In given figure $\Delta ABC$ is a triangle where $\angle C={90}^o$, let $BC=a,CA=b,AB=c$ and let '$p$' be the length of the perpendicular from $C$ on $AB$. Prove that:
(i) $cp=ab$ (ii) $\frac{1}{p^2}=\frac{1}{a^2}+\frac{1}{b^2}$.

Answer 1

Let $CD\perp AB$. then, $CD=p$.

$\therefore$ Area of $△ABC=\frac{1}{2}(Base\times Height)$

$\Rightarrow$ Area of $△ABC=\frac{1}{2}(AB\times CD)=\frac{1}{2}cp$

Also,

Area of $△ABC=\frac{1}{2}(BC\times AC)=\frac{1}{2}ab$

$\therefore$ $\frac{1}{2}cp=\frac{1}{2}ab$

$\Rightarrow$ $cp=ab$ $\left[Henceproved\right]$

(ii) Since $△ABC$ is a right-angled triangle at C.

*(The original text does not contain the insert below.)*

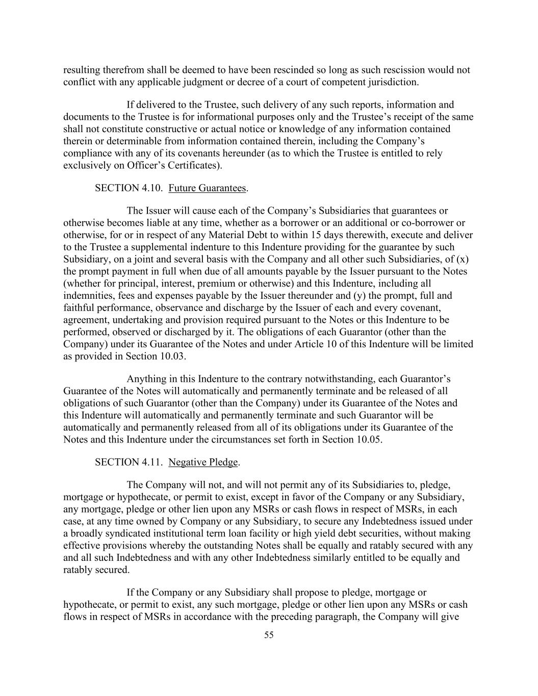 由此产生的55应被视为已被撤销,只要此种撤销不会与有管辖权的法院的任何适用判决或法令相冲突。如交付予受托人,向受托人交付任何该等报告、资料及文件仅供参考,而受托人收到该等报告、资料及文件,并不构成对其中所载或可从其中所载资料确定的任何资料的推定或实际通知或知悉,包括公司遵守其根据本协议订立的任何契诺(受托人有权完全依赖高级人员证书)。第4.10节。未来保障。发行人将促使公司的每一家担保或以其他方式承担责任的子公司,无论是作为借款人或额外或共同借款人或其他方式,就任何重大债务或就任何重大债务,在15天内签署并向受托人交付本契约的补充契约,规定该子公司与公司和所有其他此类子公司在共同和若干基础上提供担保,(x)发行人根据票据应付的所有款项到期时迅速全额支付(无论是本金,利息、溢价或其他)和本契约,包括发行人根据该契约应付的所有弥偿、费用和开支,以及(y)发行人及时、充分和忠实地履行、遵守和解除根据票据或本契约要求由其履行、遵守或解除的每一项契诺、协议、承诺和规定。各担保人(公司除外)根据其对票据的担保和本契约第10条承担的义务将受到第10.03节规定的限制。尽管本契约中有任何相反的情况,每个担保人对票据的担保将自动永久终止并解除该担保人(公司除外)在其对票据的担保下的所有义务,而本契约将自动永久终止,并且该担保人将在第10.05节规定的情况下自动永久解除其在其对票据和本契约的担保下的所有义务。第4.11节。负质押。公司将不会、也不会允许其任何子公司质押、抵押或质押,或允许存在任何MSR或与MSR有关的现金流量的任何抵押、质押或其他留置权,除非有利于公司或任何子公司,在每种情况下,在公司或任何子公司拥有的任何时间,为根据广泛的银团机构定期贷款融资或高收益债务证券发行的任何债务提供担保,未作出有效规定,据此未偿还的票据应以任何和所有此类债务以及类似地有权获得同等和按比例担保的任何其他债务平等和按比例担保。如公司或任何附属公司根据前款对任何MSR或与MSR有关的现金流量提出质押、抵押或质押,或准许其存在任何该等抵押、质押或其他留置权,公司将给予

$\therefore$ ${AB}^2={BC}^2+{AC}^2$

$\Rightarrow$ $c^2=a^2+b^2$

$\Rightarrow$ ${\left(\frac{ab}{p}\right)}^2=a^2+b^2$ [$\because cp=ab\therefore c=\frac{ab}{p}$]

$\Rightarrow$ $\frac{a^2{b}^2}{p^2}=a^2+b^2$

$\Rightarrow$ $\frac{1}{p^2}=\frac{a^2+b^2}{a^2{b}^2}$

$\Rightarrow$ $\frac{1}{p^2}=\frac{1}{b^2}+\frac{1}{a^2}$

$\Rightarrow$ $\frac{1}{p^2}=\frac{1}{a^2}+\frac{1}{b^2}$ $\left[Henceproved\right]$